Ippica, il de profundis di un pezzo di storia italiana

C’era una volta uno sport in Italia che appassionava migliaia e migliaia di persone, capace di scrivere anche pagine memorabili di imprese sportive nonché di entrare anche nella tradizione e nei luoghi comuni popolari. Stiamo parlando dell’ippica italiana, che da qualche anno è quello che in America chiamerebbero un “dead man walking”, ovvero un uomo morto che cammina, espressione usata per chiamare i condannati a morte nelle carceri Usa. E il parallelo, purtroppo, è perfettamente e tristemente attuale visto che due impianti storici dell’ippica del nostro paese hanno abbassato le saracinesche come il San Siro di Milano prossimo alla demolizione e il Tor di Valle che ha già consegnato il proprio destino alle onoranze funebri roma visto che è l’area in cui è destinato a sorgere il nuovo stadio della società giallorossa.

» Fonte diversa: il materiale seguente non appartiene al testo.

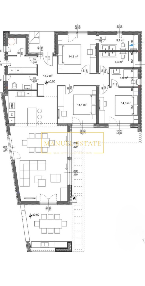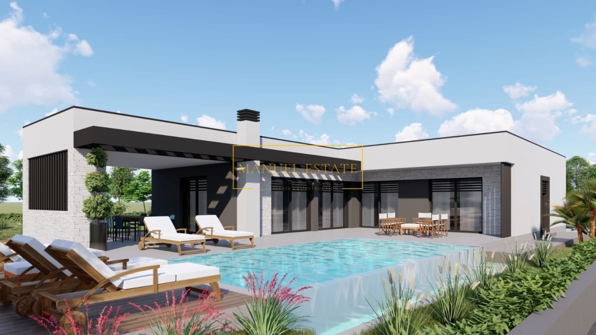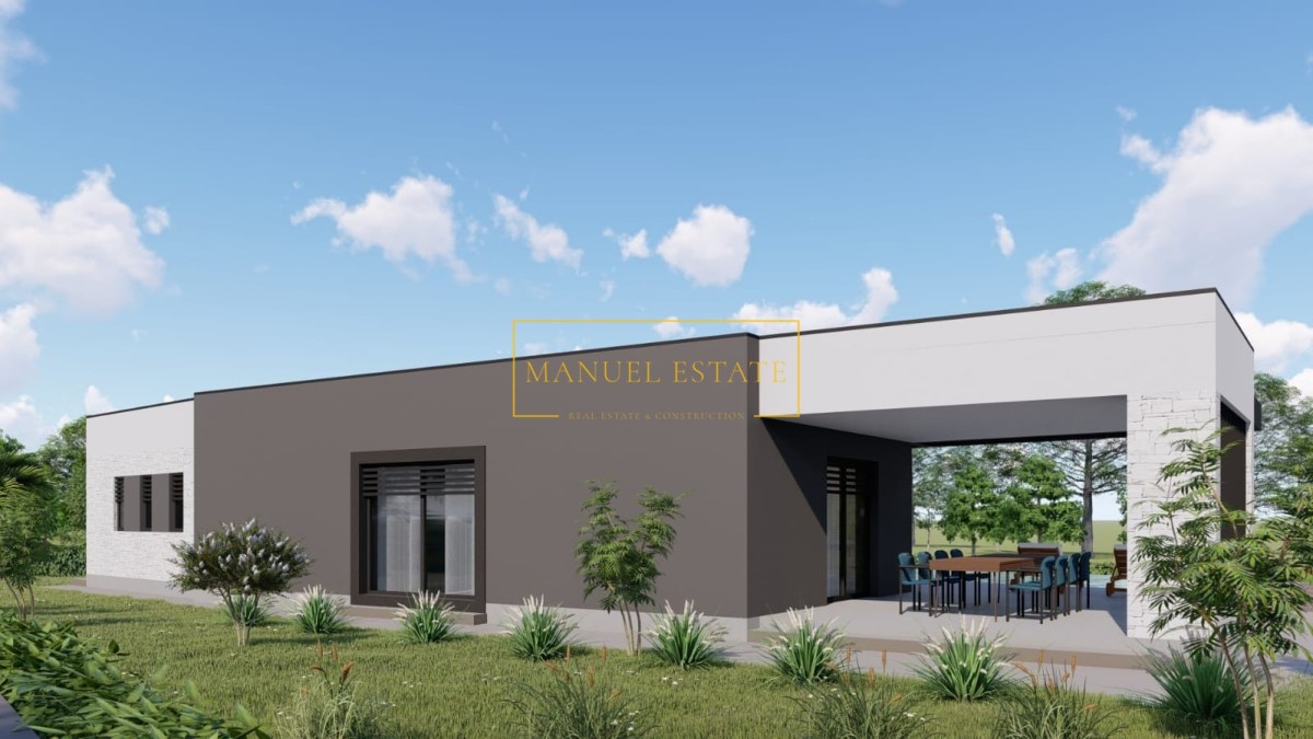 Dieses Einfamilienhaus, das sich derzeit im Bau befindet, hat eine Nettofläche von 140 Quadratmetern und wurde mit dem Fokus auf Komfort und Funktionalität entworfen. Der Eingangsflur führt zu einem großzügigen Wohnbereich, der aus einer Küche, einem Esszimmer und einem Wohnzimmer besteht, perfekt für Familienzusammenkünfte und Entspannung. Vom Wohnzimmer aus gelangt man auf eine überdachte Terrasse mit einer Sommerküche, die ideal ist, um warme Sommerabende zu genießen, zu grillen und Zeit mit Familie und Freunden zu verbringen.

Un pezzo di storia italiana
L’ippica italiana ha da sempre regalato grande soddisfazioni in ambito sportivo, sia trotto che per il galoppo, ma anche ha avuto un grosso peso nell’immaginario collettivo della popolazione. Basti pensare al mito dei uno dei film cult della commedia all’italiana, “Febbre da cavallo”, diretto da l’indimenticabile  Steno e con protagonisti Gigi “Mandrake” Proietti ed Enrico “Pomata” Montesano. Una pellicola cult che fotografava alla perfezione il variopinto mondo delle corse dei cavalli, ma anche in televisione come dimenticare i mitici spot pubblicitari del totip, il totocalcio dell’ippica. Ma, tornando più strettamente a parlare delle corse, come dimenticare i due miti assoluti dell’ippica mondiale : Ribot per il galoppo e Varenne per il trotto. Due cavalli che, assieme ai loro driver rispettivamente Enrico Camici e Giampaolo Minnucci, hanno fatto la storia del galoppo e del trotto internazionale, entrando nella leggenda.
I motivi della crisi
Il declino dell’ippica italiana è ormai in uno stato quasi irreversibile, ed i motivi sono molteplici. Indubbiamente c’è stato un calo degli appassionati, quindi di conseguenza degli scommettitori, con lo sport che non è stato capace di attirare e affascinare le nuove generazioni, sempre più lontane dal mondo degli ippodromi e delle agenzie. E’ un paradosso dei tempi moderni il fatto che in molti ora preferiscano scommettere sulle corse dei cavalli virtuali che su quelle reali, segno dei tempi che corrono. Poi sicuramente c’è stata l’incapacità di chi ha gestito il settore, responsabili anche dell’emorragia di pubblico, di saper mandare avanti la baracca. La politica non ha fatto altro che sostituire commissari su commissari nel settore, sforbiciando costantemente ogni anno il monte dei premi. Il risultato sono sotto gli occhi di tutti : ippodromi chiusi, posti di lavoro persi e le migliori scuderie che emigrano all’estero.